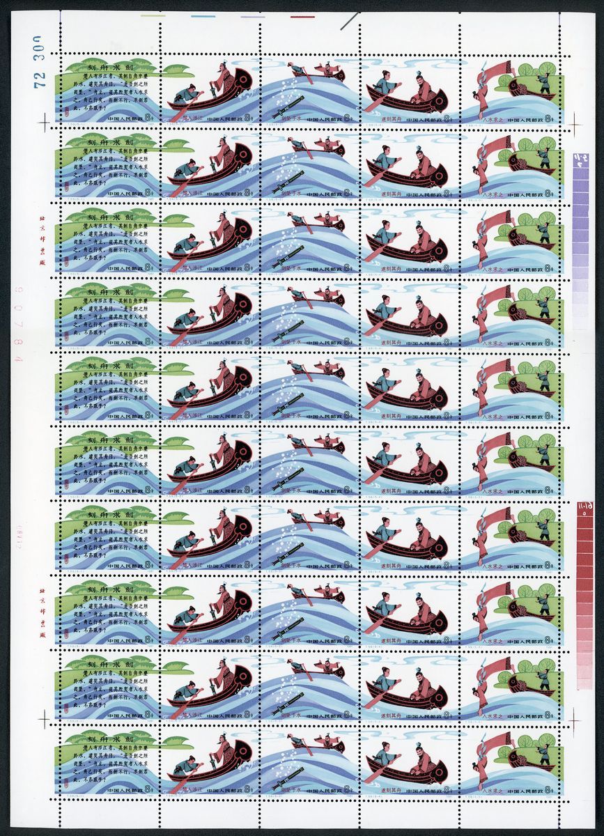1981年T59刻舟求劍新票50枚全張5版,票面顏色鮮豔,邊紙完整,原膠,上中品
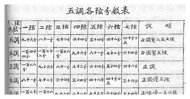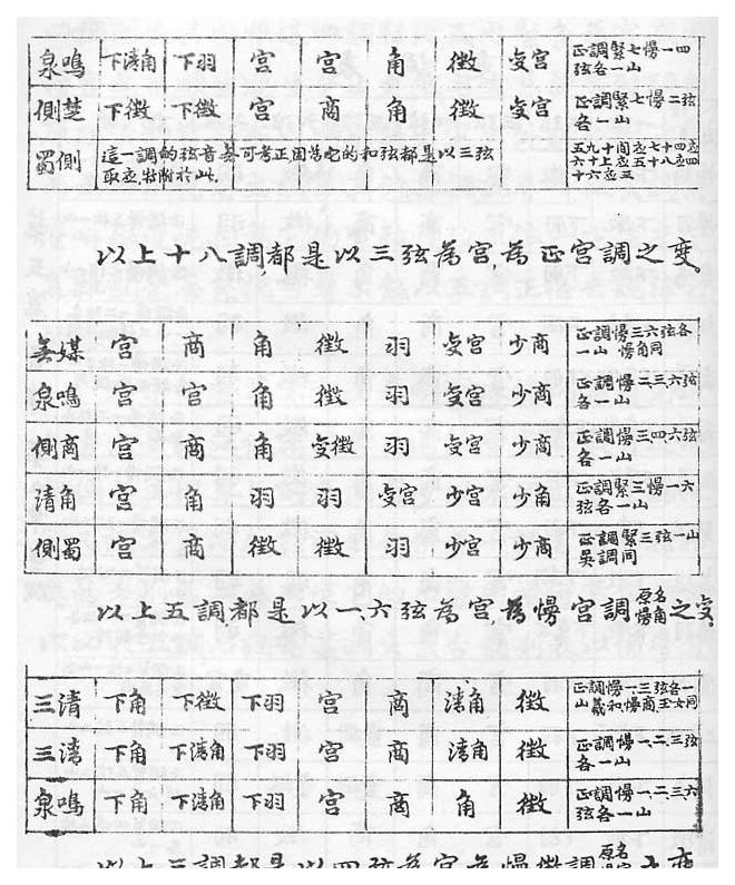 上表宜与前分数表对照,可以明了声数相阙的道理。表中正调,即从王坦《琴旨》例,定三弦为宫。其一弦为宫的,是正调下面一调(即慢三弦的外调)。如果将它互混为一,就弄成名称和实际不相符合了。
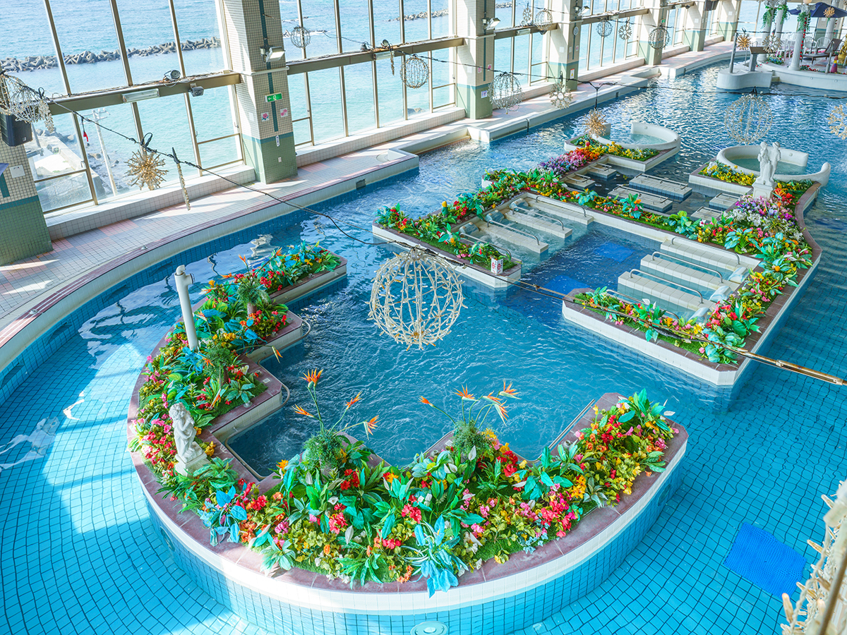 温水プールやお風呂など多彩なアクティビティをみんなで満喫しよう。
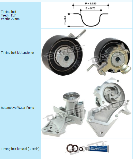 All DAYCO Water Pump Kits use only OEM quality Water Pumps and come complete with all essential components in one box, so don't let a failed Water Pump compromise your timing belt system replacement or your reputation, ask for a DAYCO Timing Belt Kit complete with Water Pump and know you're covered!
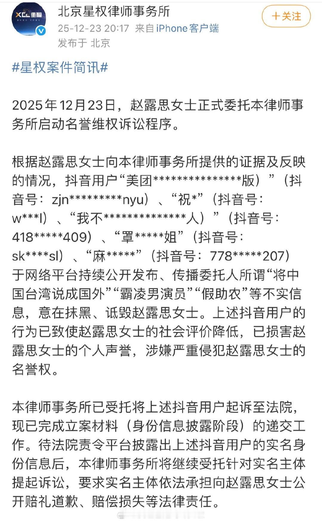 赵露思告嘿,这次是🎼上造谣她霸凌男演员、假助农的号

* Problem statement:
The copy must start at the line containing "温水プールやお風呂など多彩なアクティビティをみんなで満喫しよう。" and end at the last line of the records, matching each line exactly and holding no pictures.

* Exercise solution:
 温水プールやお風呂など多彩なアクティビティをみんなで満喫しよう。
 All DAYCO Water Pump Kits use only OEM quality Water Pumps and come complete with all essential components in one box, so don't let a failed Water Pump compromise your timing belt system replacement or your reputation, ask for a DAYCO Timing Belt Kit complete with Water Pump and know you're covered!
 赵露思告嘿,这次是🎼上造谣她霸凌男演员、假助农的号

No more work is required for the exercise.